Diskover Community Reflected Cross-Site Scripting Vulnerability

A reflected cross-site scripting vulnerability has been identified in Diskover Community versions through 2.3.5. The issue resides in the 'public/view.php' file, where the 'doctype' parameter is echoed into HTML href attributes without proper sanitization. This vulnerability allows attackers to execute arbitrary JavaScript in the context of the user's browser.

Impact

Exploitation of this vulnerability leads to full session hijacking by stealing the 'PHPSESSID' cookie, which is critical for maintaining an active session.
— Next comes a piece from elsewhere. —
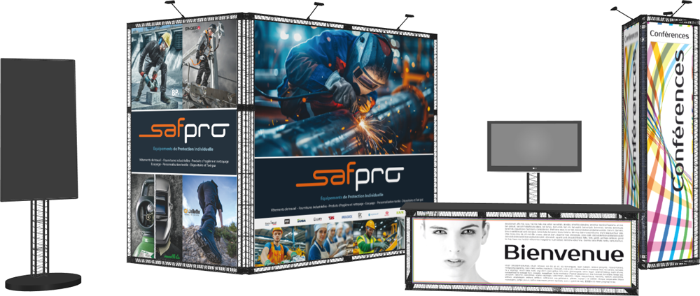 Notre expérience du monde industriel, nous a permis d’être d’une flexibilité à toute épreuve, comme nos structures. Avec celles-ci, vous disposerez un stand moderne et singulier.

This impact is confirmed to affect all authenticated users, including administrators.

Reproduction

To reproduce this vulnerability, log in with valid credentials and select a valid Elasticsearch index. Then, visit the 'view.php' page with a crafted URL that includes a script tag in the 'doctype' parameter. The injected script will execute and, if it includes a command to alert cookies, the session cookies will be displayed in an alert box, confirming the successful exploitation of the vulnerability.

Remediation

To address this vulnerability, sanitize the 'doctype' parameter before echoing it into the HTML. This can be done by using the 'htmlspecialchars' function to convert special characters to HTML entities, preventing the execution of injected scripts. Additionally, consider adding a Content Security Policy header to restrict the sources from which content can be loaded.